Andriod OSを搭載したタブレットマシンOptimus L-06Cを毎日それなりに使っている私であるが、最近感ずることがある。それは、Andriod OSって…というかAndriod OS搭載ハードウェアって、我が国のパソコン黎明期におけるMS-DOSやWindowsが搭載されたパソコンと同じような立ち位置にあるということだ。
それは、ここ10年くらいのWindowsしか知らない方にとっては、Windowsはただ一種類(バージョンやエディションが違っても基本的部分は変わらない)と思われているだろうし、若干遡っても二種類(いわゆるDOS/Vマシン用とNEC PC98シリーズ用)しかなかった。だが、黎明期においては、ハードウェアメーカーが異なるのはもちろん、同じメーカーでもシリーズラインナップが異なるだけで、まったく違う日本語WindowsやMS-DOSがあったなど思いもよらないだろう。だが、今から20~30年ほど前の世界はNECや富士通、シャープなどがリリースしていたパソコン毎にまったく異なる当該ハードウェアでしか動作しないMS-DOSが多数あったのだ。これは、Andriod OSというものが搭載されているという点については同じでも、実際にはハードウェア毎にカスタマイズが施され、それがOSアップデートの妨げになってしまう状況は、かつてハードウェア毎にMS-DOSやWindowsが用意されていたことの再現に見えてしまうのである。
そして、対抗馬は相変わらずApple社で、かつてはMacintosh(と当初は名前がなかったが後年Mac OSとネーミング)、今はiPad, iPhone, iPod(とiOS)であり、密接なハードウェアとソフトウェアの連携によって、提供ベンダが異なるもう一方を使い勝手などの面で凌駕していることも変わりはない。優れたApple社のユーザインタフェースを真似しようとする動きや、それに対抗する訴訟合戦も同じである。どうにも既視感というか、歴史は繰り返すというか、そんなことを感じながらAndriod OSを見ている。

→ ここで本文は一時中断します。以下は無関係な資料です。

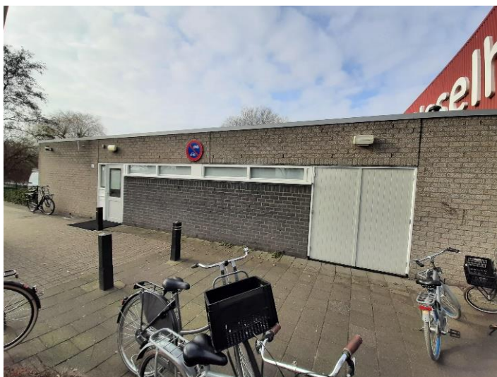
Oranje Nassaulaan 50, sporthal IJssel

当時と現在で、決定的に異なるのは普及率だろうか。これだけiOS搭載機器が出回っている状況下で、市場のさらなる拡大でもない限り、Andriod OSがかつてのWindowsのようにMacintosh(とMacOS)を逆転することは不可能のように思える。だが、初期のWindowsとMacintoshを知る体験者としての視点で振り返れば、よもやWindowsがMacintoshを逆転する(ウィンドウシステムの普及率)などとはまったく思いもよらないほど、両者のレベルは天と地ほどの差が広がっていたし、いくらExcel 2.1がMacintoshからWindowsに移植されたとしても、あのWindowsでExcelを使うなど「苦行」でしかなく、PCではDOSでLotus 1-2-3を使う方が遙かに優れていたのだ。
それがAppleファンから言わせれば、Windowsのユーザインタフェースはその後もMac OSを凌駕したことはないとなるだろうが、それでも天と地ほどの差でなくなったのは確かであり、Mac OS Xを買ってくる(言い換えれば乗っ取られる)までは、OSとしての基礎(カーネルなど)は32-bitへの移行具合などから、逆にWindowsに大きく差をつけられていたのである。また、最初にふれたように各ハードウェア毎に微妙なカスタマイズが施されていたDOS(Windows)は、ハードウェアの仕様統一に合わせる形で一本化され、単一ハードウェアと優れたソフトウィーの組み合わせという「強み」も比較の上で発揮しにくくなり、Jobs氏復帰前にはApple社は青息吐息だったのだ。
こうした変化は今後、Andriod対iOSの戦いで起こるのだろうか。それとも、そうはならないのだろうか。歴史は繰り返すと言うが、同じようには繰り返さないのもまた真理。革新的なものであっても、それに頼りすぎないような革新(刷新)が常に求められるという厳しい世界で、一ユーザとして今後どう推移していくのか、楽しんでいきたい。